Exercise details:
Look through the listing below for the line with "Dual mute noise" and the line with "ブラウス ターンダウン シングルブレスト". Copy both, along with every line between them, exactly and with no pictures.

Data to examine:
○ ○ ○

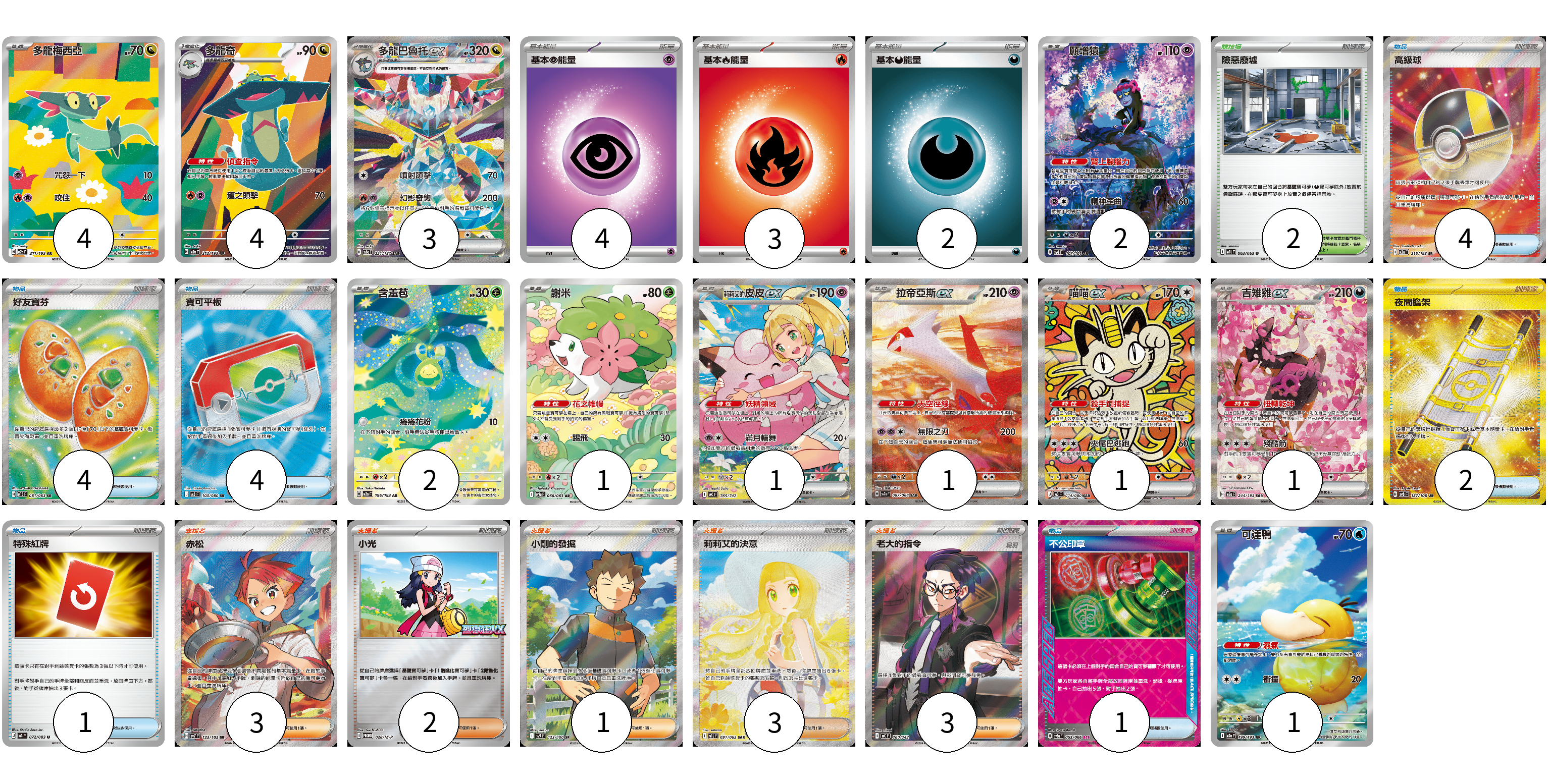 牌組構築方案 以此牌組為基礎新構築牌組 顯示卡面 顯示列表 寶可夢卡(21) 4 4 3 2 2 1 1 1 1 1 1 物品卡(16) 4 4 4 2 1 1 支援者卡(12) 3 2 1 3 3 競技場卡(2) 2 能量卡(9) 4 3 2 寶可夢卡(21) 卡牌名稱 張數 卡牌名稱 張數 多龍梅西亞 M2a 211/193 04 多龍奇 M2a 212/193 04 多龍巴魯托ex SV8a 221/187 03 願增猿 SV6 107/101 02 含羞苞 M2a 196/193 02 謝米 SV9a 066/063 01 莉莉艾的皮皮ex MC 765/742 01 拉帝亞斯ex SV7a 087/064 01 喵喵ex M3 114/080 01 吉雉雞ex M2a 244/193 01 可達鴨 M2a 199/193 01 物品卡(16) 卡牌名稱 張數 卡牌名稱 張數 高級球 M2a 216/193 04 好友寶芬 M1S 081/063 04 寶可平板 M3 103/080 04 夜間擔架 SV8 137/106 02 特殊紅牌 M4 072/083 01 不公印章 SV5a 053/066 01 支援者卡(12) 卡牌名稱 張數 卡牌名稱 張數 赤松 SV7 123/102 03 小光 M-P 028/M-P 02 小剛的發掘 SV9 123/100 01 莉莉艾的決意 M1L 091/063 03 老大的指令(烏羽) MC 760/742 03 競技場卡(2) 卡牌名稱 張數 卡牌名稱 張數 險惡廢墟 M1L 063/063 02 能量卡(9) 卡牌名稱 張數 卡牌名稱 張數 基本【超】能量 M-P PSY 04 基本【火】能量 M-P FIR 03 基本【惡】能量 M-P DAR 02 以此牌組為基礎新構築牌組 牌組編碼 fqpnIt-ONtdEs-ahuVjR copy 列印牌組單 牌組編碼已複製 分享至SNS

○ ○ ○

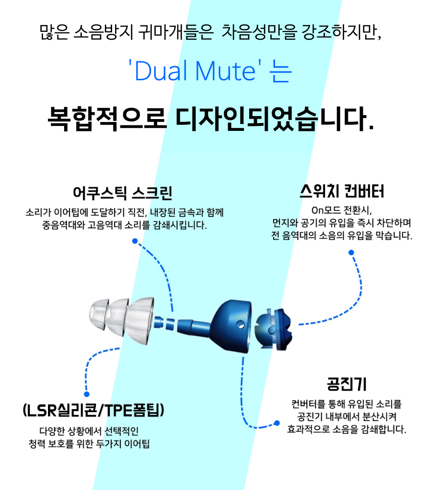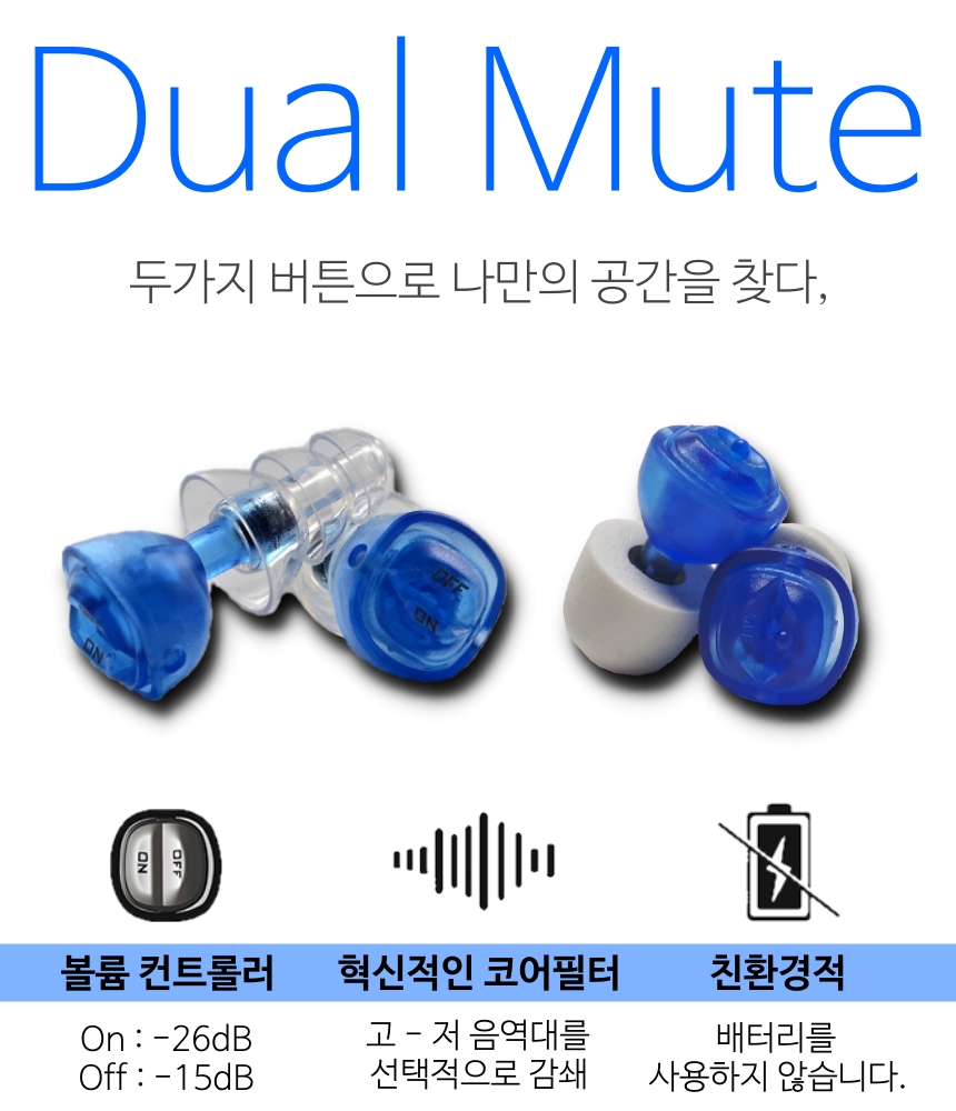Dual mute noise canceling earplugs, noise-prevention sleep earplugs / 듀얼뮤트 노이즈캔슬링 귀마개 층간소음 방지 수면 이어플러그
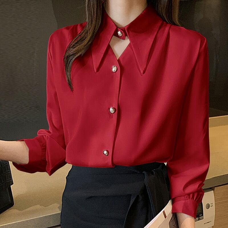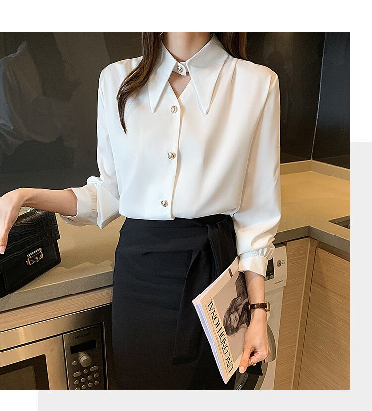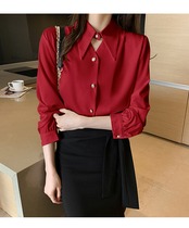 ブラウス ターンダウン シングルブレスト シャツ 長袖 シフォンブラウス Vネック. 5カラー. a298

○ ○ ○

Answer box:
Dual mute noise canceling earplugs, noise-prevention sleep earplugs / 듀얼뮤트 노이즈캔슬링 귀마개 층간소음 방지 수면 이어플러그
 ブラウス ターンダウン シングルブレスト シャツ 長袖 シフォンブラウス Vネック. 5カラー. a298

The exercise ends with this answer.